Using CIF dictionaries with PyCIFRW

Introduction

CIF dictionaries describe the meaning of the datanames found in CIF data files in a machine-readable format - the CIF format. Each block in a CIF dictionary defines a single dataname by assigning values to a limited set of attributes. This set of attributes used by a dictionary is called its 'Dictionary Definition Language' or DDL. Three languages have been used in IUCr-supported CIF dictionaries: DDL1 (the original language), DDL2 (heavily developed by the macromolecular community), and DDLm (a new standard that aims to unite the best of DDL1 and DDL2). DDL2 and DDLm both allow algorithms to be defined for datanames. These algorithms describe how to derive values for datanames from other quantities in the data file.

Knowing the dictionary that a given datafile is written with reference to thus allows us to do two things: to validate that datanames and values match the constraints imposed by the definition; and, in the case of DDL2 and DDLm, to calculate values which might then be used for checking or simply to fill in missing information.

Dictionaries

DDL dictionaries can be read into CifFile objects just like CIF data files. For this purpose, CifFile objects automatically support save frames (used in DDL2 and DDLm dictionaries), which are accessed just like CifBlocks using their save frame name. By default save frames are not listed as keys in CifFiles as they do not form part of the CIF standard.

The more powerful CifDic object creats a unified interface to DDL1, DDL2 and DDLm dictionaries. A CifDic is initialised with a single file name or CifFile object, and will accept the grammar keyword:

    cd = CifFile.CifDic("cif_core.dic",grammar='1.1')

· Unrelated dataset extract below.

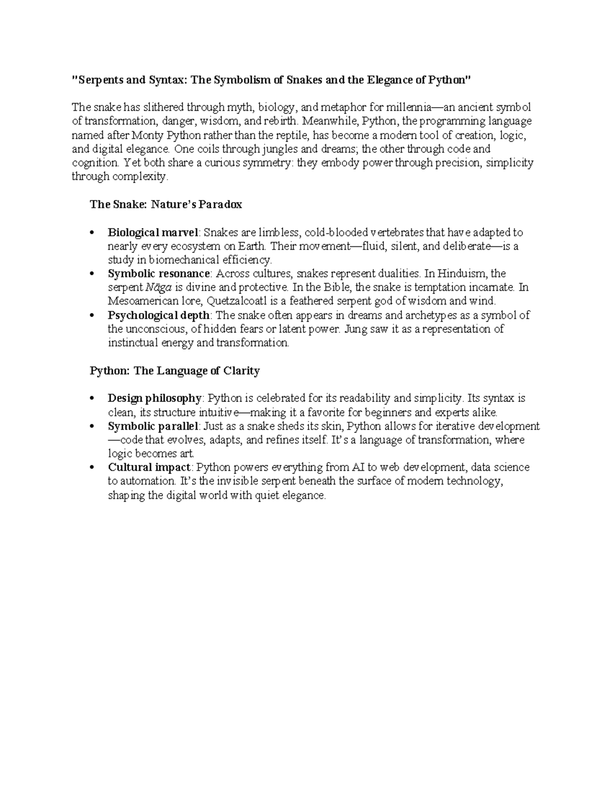 Serpents and Syntax: The Symbolism of Snakes and Python - Studocu

Definitions are accessed using the usual notation, e.g. cd['_atom_site_aniso_label']. Return values are always CifBlock objects. Additionally, the CifDic object contains a number of instance variables derived from dictionary global data:

dicname
The dictionary name + version as given in the dictionary
diclang
'DDL1','DDL2', or 'DDLm'

CifDic objects provide a large number of validation functions, which all return a Python dictionary which contains at least the key result. result takes the values True, False or None depending on the success, failure or non-applicability of each test. In case of failure, additional keys are returned depending on the nature of the error.

Validation with PyCIFRW

A top level function is provided for convenient validation of CIF files:

    CifFile.Validate("mycif.cif",dic = "cif_core.dic")

This returns a tuple (valid_result, no_matches). valid_result and no_matches are Python dictionaries indexed by block name. For valid_result, the value for each block is itself a dictionary indexed by item_name. The value attached to each item name is a list of (check_function, check_result) tuples, with check_result a small dictionary containing at least the key result. All tests which passed or were not applicable are removed from this dictionary, so result is always False. Additional keys contain auxiliary information depending on the test. Each of the items in no_matches is a simple list of item names which were not found in the dictionary.

If a simple validation report is required, the function validate_report can be called on the output of the above function, printing a simple ASCII report. This function can be studied as an example of how to process the structure returned by the validate function.

A somewhat nicer interface to validation is provided in the ValidationResult class (thanks to Boris Dusek), which is initialised with the return value from validate:

    val_report = ValidationResult(validate("mycif.cif",dic="cif_core.dic"))

This class provides the report method, producing a human-readable report, as well as boolean methods which return whether or not the block is valid or if items appear in the block that are not present in the dictionary - is_valid and has_no_match_items respectively.

Limitations on validation

  1. (DDL2 only) When validating data dictionaries themselves, no checks are made on group and subgroup consistency (e.g. that a specified subgroup is actually defined).

  2. (DDL1 only) Some _type_construct attributes in the DDL1 spec file are not machine-readable, so values cannot be checked for consistency

  3. DDLm validation methods are still in development so are not comprehensive.